If an entry holds a picture, skip the picture but copy everything else exactly.
- Opening Delimiter -
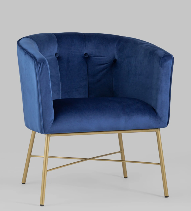 Кресло «Шале» в синей велюровой обивке сочетает современный дизайн и комфорт. Обивка выполнена из прочного и износостойкого велюра насыщенного синего оттенка, придающего изделию элегантный и стильный вид. Широкая спинка плавно переходит в подлокотники, обеспечивая удобную посадку и уют. Внутренняя сторона спинки украшена декоративными пуговицами, добавляющими изысканность. Металлические ножки с золотым гальваническим покрытием придают креслу лёгкость и современный облик, а также обеспечивают устойчивость конструкции. Компактные размеры позволяют использовать кресло в различных помещениях, таких как гостиная, спальня или кабинет, добавляя функциональность и эстетическую привлекательность.
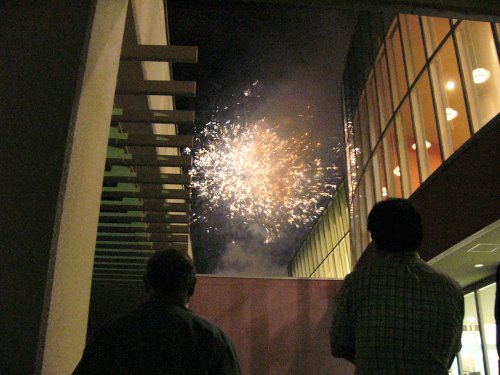 19:30より花火大会が始まり、参加者の方々は花火がよく見える会場横の庭へ移動し、観覧しておりました。
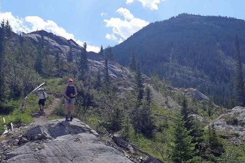 Descent off Razor's Edge, our summit at the right
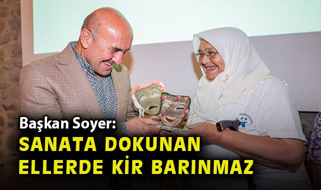 Başkan Tunç Soyer konuşmasında ilkokul yıllarında İzmir Radyosu’nda başlayan ve üniversite yıllarında Ankara Sanat Tiyatrosu’nda oyunculuk ve yönetmen asistanlığıyla devam eden tiyatro yaşamını anlattı. Tiyatronun her zaman hayatında öncelik olduğunu ifade eden Başkan Soyer, “Tiyatro benim hayatımda çok büyük bir yer tuttu. Tiyatro ayna tutmaktır. Kendinize, çevrenize ayna tutmaktır. Hem kendinizi hem de dünyayı daha iyi tanırsınız. Tiyatroyla yeteneklerinizi keşfedersiniz. Daha çok gülmeyi, hoşgörüyü tiyatro öğretir. Tiyatro empati yapmanın sanatıdır. Sanata dokunan ellerde kir barınmaz” dedi.
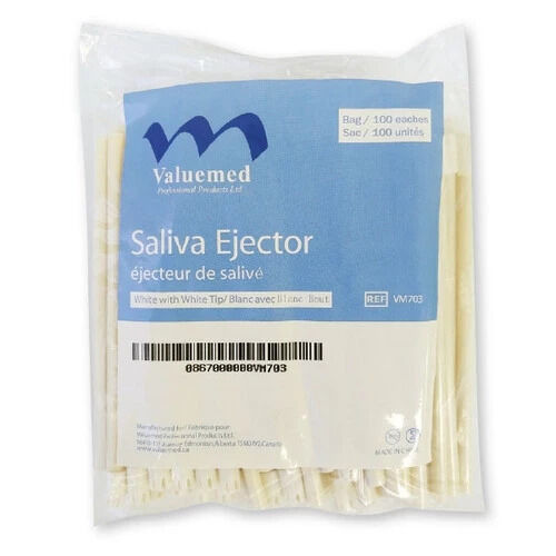 Valuemed Professional Saliva Ejectors in White with White Tip are essential tools for effective oral fluid management in dental procedures. Each bag contains 100 saliva ejectors, providing an ample supply for your dental practice.
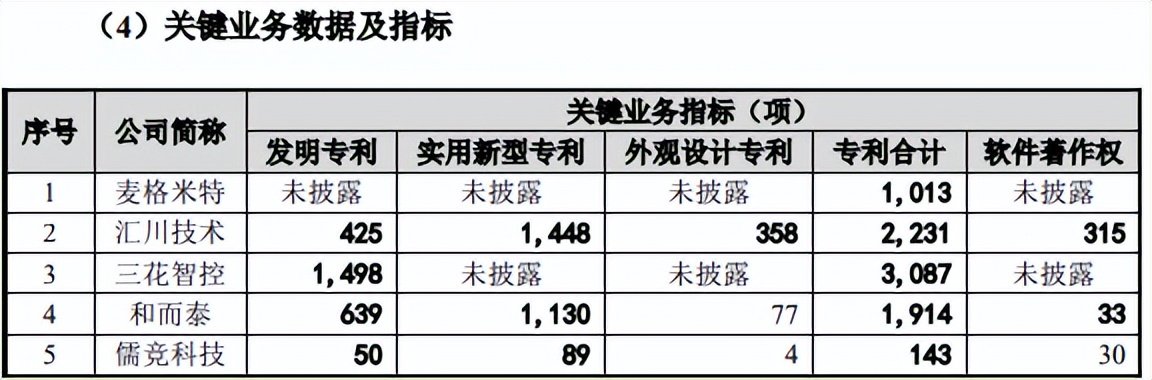 在研发费用的绝对金额上,儒竞科技还远落后于同行竞争者,专利数目也是少得可怜,被同行甩几条街,发明专利仅有50项。
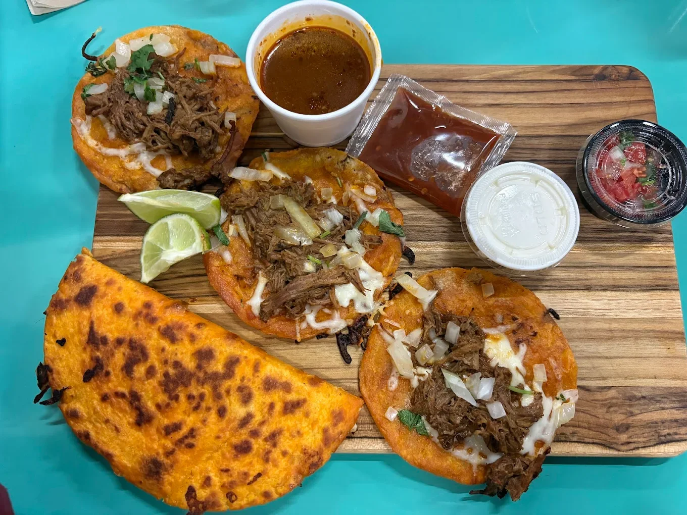 At the heart of that menu are the quesabirria tacos, widely considered the restaurant’s most popular offering.
- Closing Delimiter -
ANSWER FOR THE TASK:
 Кресло «Шале» в синей велюровой обивке сочетает современный дизайн и комфорт. Обивка выполнена из прочного и износостойкого велюра насыщенного синего оттенка, придающего изделию элегантный и стильный вид. Широкая спинка плавно переходит в подлокотники, обеспечивая удобную посадку и уют. Внутренняя сторона спинки украшена декоративными пуговицами, добавляющими изысканность. Металлические ножки с золотым гальваническим покрытием придают креслу лёгкость и современный облик, а также обеспечивают устойчивость конструкции. Компактные размеры позволяют использовать кресло в различных помещениях, таких как гостиная, спальня или кабинет, добавляя функциональность и эстетическую привлекательность.
 19:30より花火大会が始まり、参加者の方々は花火がよく見える会場横の庭へ移動し、観覧しておりました。
 Descent off Razor's Edge, our summit at the right
 Başkan Tunç Soyer konuşmasında ilkokul yıllarında İzmir Radyosu’nda başlayan ve üniversite yıllarında Ankara Sanat Tiyatrosu’nda oyunculuk ve yönetmen asistanlığıyla devam eden tiyatro yaşamını anlattı. Tiyatronun her zaman hayatında öncelik olduğunu ifade eden Başkan Soyer, “Tiyatro benim hayatımda çok büyük bir yer tuttu. Tiyatro ayna tutmaktır. Kendinize, çevrenize ayna tutmaktır. Hem kendinizi hem de dünyayı daha iyi tanırsınız. Tiyatroyla yeteneklerinizi keşfedersiniz. Daha çok gülmeyi, hoşgörüyü tiyatro öğretir. Tiyatro empati yapmanın sanatıdır. Sanata dokunan ellerde kir barınmaz” dedi.
 Valuemed Professional Saliva Ejectors in White with White Tip are essential tools for effective oral fluid management in dental procedures. Each bag contains 100 saliva ejectors, providing an ample supply for your dental practice.
 在研发费用的绝对金额上,儒竞科技还远落后于同行竞争者,专利数目也是少得可怜,被同行甩几条街,发明专利仅有50项。
 At the heart of that menu are the quesabirria tacos, widely considered the restaurant’s most popular offering.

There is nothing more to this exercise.